Sunday, December 20, 2009

Home Clean-Up

At a time when the world frets over the inevitability of our environment altering in ways inconceivable to the safety and security of island-nations, food sources, and the spread of dread diseases, there is another reality, more certain in its derivation, and more readily dealt with, that countries of the world continue to ignore. From the massive cutting down of the world's rain forests to the release of huge carbon deposits in the related drying-out of peat bogs, to the continued vandalizing of life-giving waterways.

Human beings seem to do nothing so well as pollute their environment in every conceivable way. Why it is that basic hygiene techniques known to ancient societies escape the notice of present-day societies as a manner in which to ensure the quality of life by removing the potential for spread of disease? China's lax attitude toward its industrial wastes being dumped into vast and important rivers that represent life to millions of its population a case in point. As is the continued use of dirty coal, polluting the environment.

Another is the less industrial, but no less harmful cultural heritage celebrated in a country like India where it is routine for dead bodies, of people and of animals, to be found floating down huge rivers like the Ganges and the Yamuna. The very waterways where millions of people take their drinking water, polluted by human waste, by animal waste, by the dumping of chemicals and religious rituals where flowers, fruits and coconuts are tossed into the rivers.

Which end up rotting there, along with shoes, plastic bags, decaying fabric and the gunk of industrial wastes. There is no possibility for fish to live in those rivers, with their disgusting stench that drifts over the towns, villages and cities where the residents go down to the river to draw murky water to haul home to cook with and to drink. Where people assemble at the water's edge, to wash themselves, to do their laundry, sharing it with cattle who enter the river to drink and to leave their excrement.

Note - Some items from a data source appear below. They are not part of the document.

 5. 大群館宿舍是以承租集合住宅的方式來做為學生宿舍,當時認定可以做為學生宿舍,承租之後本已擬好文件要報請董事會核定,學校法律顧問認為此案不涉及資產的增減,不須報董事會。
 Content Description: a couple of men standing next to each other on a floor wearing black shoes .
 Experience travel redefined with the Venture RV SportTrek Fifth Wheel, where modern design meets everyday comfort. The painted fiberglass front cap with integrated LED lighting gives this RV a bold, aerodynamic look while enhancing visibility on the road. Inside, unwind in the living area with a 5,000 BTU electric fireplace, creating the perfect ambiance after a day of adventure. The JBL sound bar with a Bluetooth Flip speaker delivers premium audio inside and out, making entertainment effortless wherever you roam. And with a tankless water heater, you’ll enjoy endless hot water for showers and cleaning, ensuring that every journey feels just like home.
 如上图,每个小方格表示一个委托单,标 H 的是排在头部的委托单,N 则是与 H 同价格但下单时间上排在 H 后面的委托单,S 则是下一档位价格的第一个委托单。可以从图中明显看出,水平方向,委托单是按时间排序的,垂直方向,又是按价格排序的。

In Africa the situation is no better, where people emerge from their villages to walk down to dirty water assembling in shallow pools making their way down from surrounding hillsides, to drink, cook, wash clothes and themselves in the yellow water. With fuel in scarce supply the water is rarely boiled, and the people are too poor to afford chemicals to cleanse it of germs, parasites and viral agents.

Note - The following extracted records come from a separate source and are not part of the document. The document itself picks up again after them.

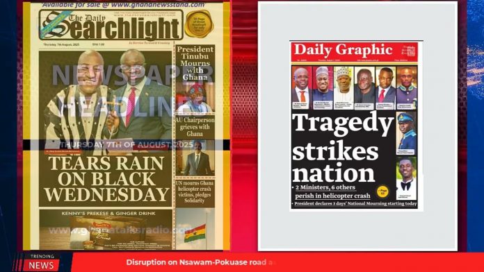 NewsGhana Newspaper Ghana Newspaper Headlines: August 7, 2025; Tears Rain On Black Wednesday 7th August 2025 0 58 Share Facebook Twitter WhatsApp Linkedin Pinterest Telegram Viber Drama In Ada: DCEs Beg Chiefs In Public Tragedy Strikes Nation President Mahama Suspends Activities, Declares 3-Day Mourning After Helicopter Crash and MORE…
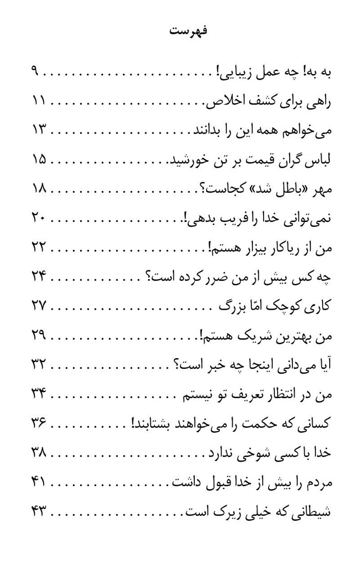 این کتاب به شما کمک می کند تا با ضررهای ریا و خودنمایی بیشتر آشنا شوید و شما را با آثار و برکت های اخلاص بیشتر آشنا می کند.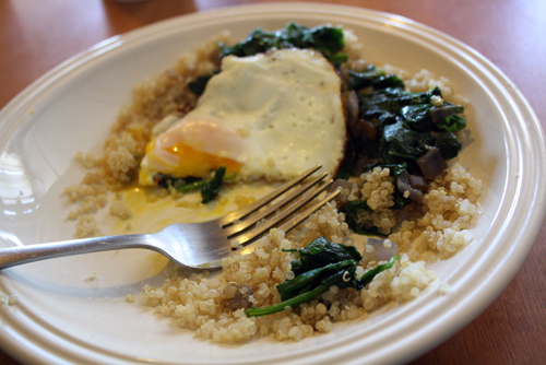 Spinach, onions and quinoa topped with a sunny-side-up egg (recipe here)

Cholera, typhoid, dysentery and other water-borne diseases become an inextricable part of their lives. Shortening their lives, children and adults alike. Many children will not emerge from their childhoods. United Nations' statistics point to 2.5 million people yearly, mostly children, dying from dirty water and disease caused by lack of sanitation.

Little wonder then, that the United Nations and the poor countries of the world stand up and shout at every opportunity that the rich countries of the world need to hand over cash transfers to ameliorate the dire existence of billions of people in poor countries. And if that cash hand-over were used directly to help people to cope with their miserable lives it would be well worthwhile.

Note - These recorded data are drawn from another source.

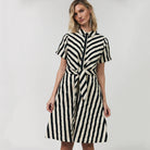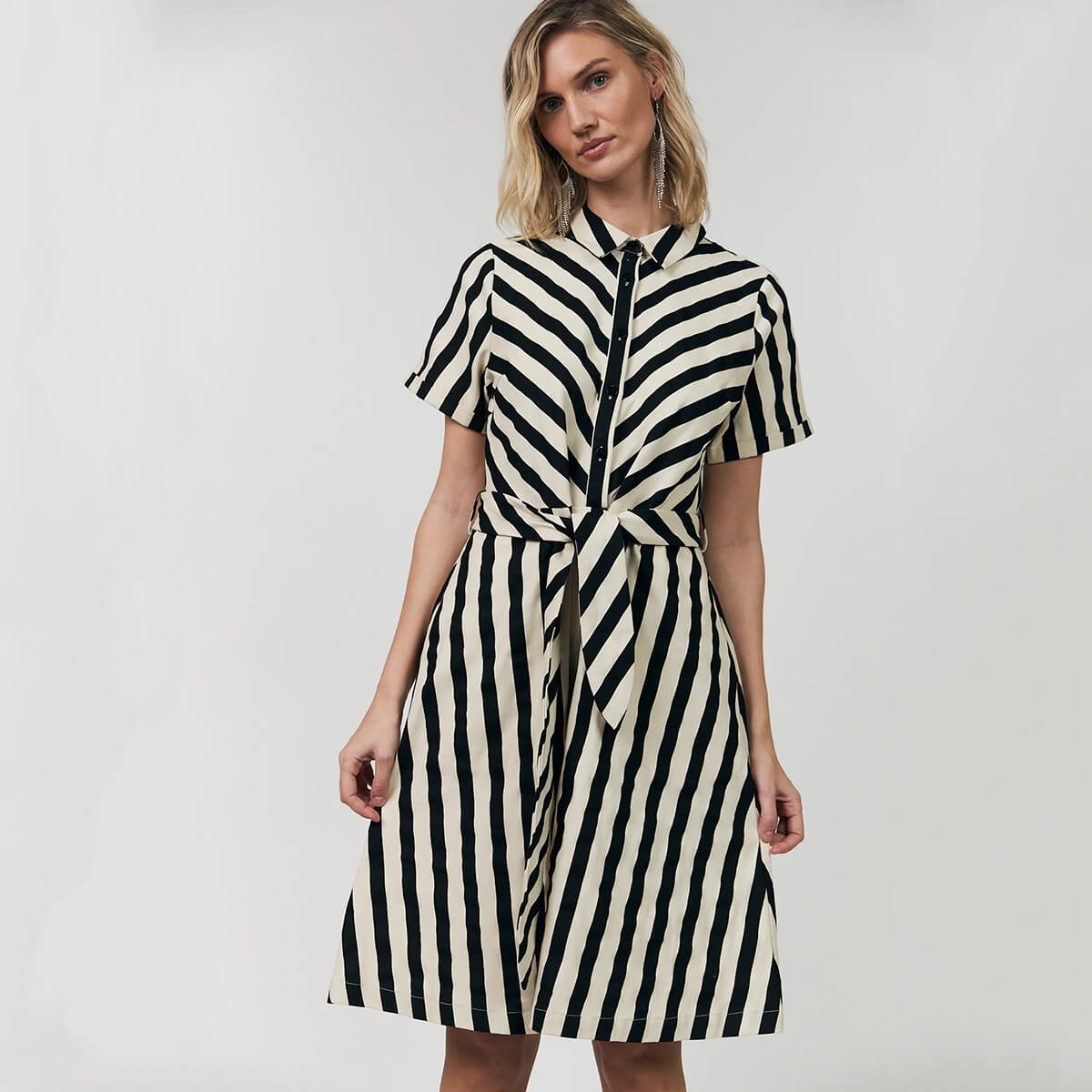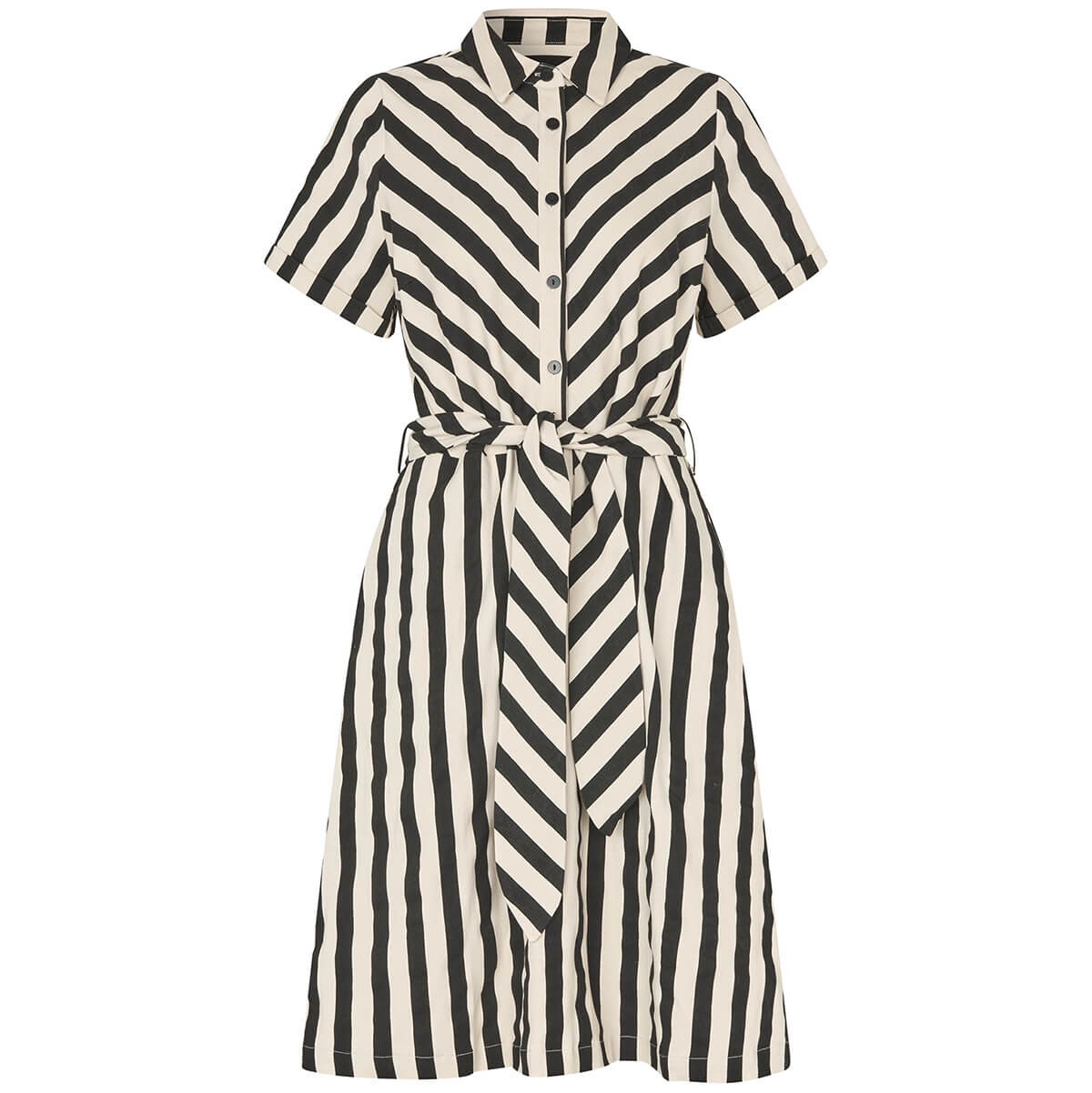 Tulle Midi Dress by Lollys Laundry. A charming and timeless shirt dress with a modern striped design. The Tulle dress is made from a soft and comfortable quality, perfect for both everyday wear and special occasions. The diagonal stripes on the front create a flattering and eye-catching look that gives the dress a unique twist.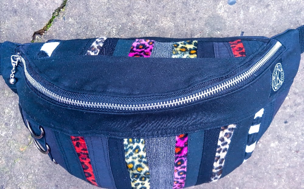 This bag is made out of leftover fabric scraps and has beautiful details from patterns and textures.
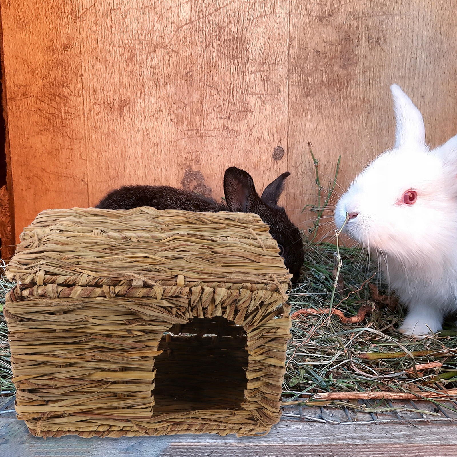 ✅ Домик, сплетенный из соломы, — идеальное место для отдыха и игр кроликов, хомяков и других мелких домашних животных.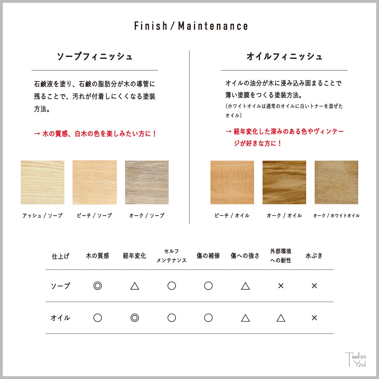 木目が不規則に交錯するのが特徴のウォルナット材。普通、経年変化というと色が濃くなっていくイメージですが、ウォルナット材ははじめは濃い茶色から経年変化によって明るくまろやかな茶色へと変わっていきます。優しい雰囲気に変わって味わいが増していく様子をお愉しみください。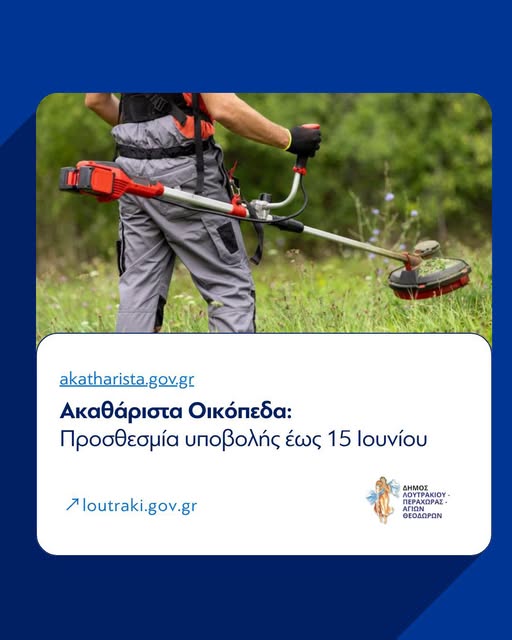 Ο Δήμος Λουτρακίου – Περαχώρας – Αγίων Θεοδώρων ενημερώνει ότι όλοι οι ιδιοκτήτες και υπόχρεοι οικοπέδων οφείλουν να προχωρήσουν σε καθαρισμό των χώρων τους έως τις 15 Ιουνίου, συμβάλλοντας στην πρόληψη πυρκαγιών.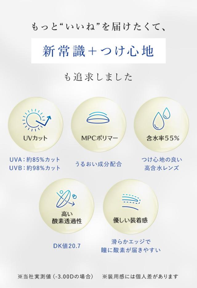 UVカット、MPCポリマー、高含水レンズ(含水率55%)、高い酸素透過性(DK値20.7)、なめらかエッジ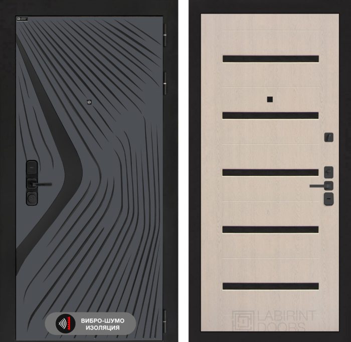 Входная дверь LEOLAB 01 — Беленый дуб, стекло черное

If the cash infusions could take place with the agreement that these countries would divest themselves of their uncaring, country-ruinous leaders, perhaps they would be effective.

As it is, maniacal egocentrics and malcompetents like those governing Zimbabwe, Sudan, Congo, Somalia, Rwanda and other pathetic war-mongering, miserable countries led by tyrants who continue to drain their national treasuries to their personal advantage, leaving people to fend hopelessly for themselves remain the reality.

In countries like China and India with their vast populations and far-flung provinces, and their need to slowly emerge from their primitive living conditions, greater effort needs to be extended by the provincial governments that wield power unevenly and with insufficient attention to rural poverty.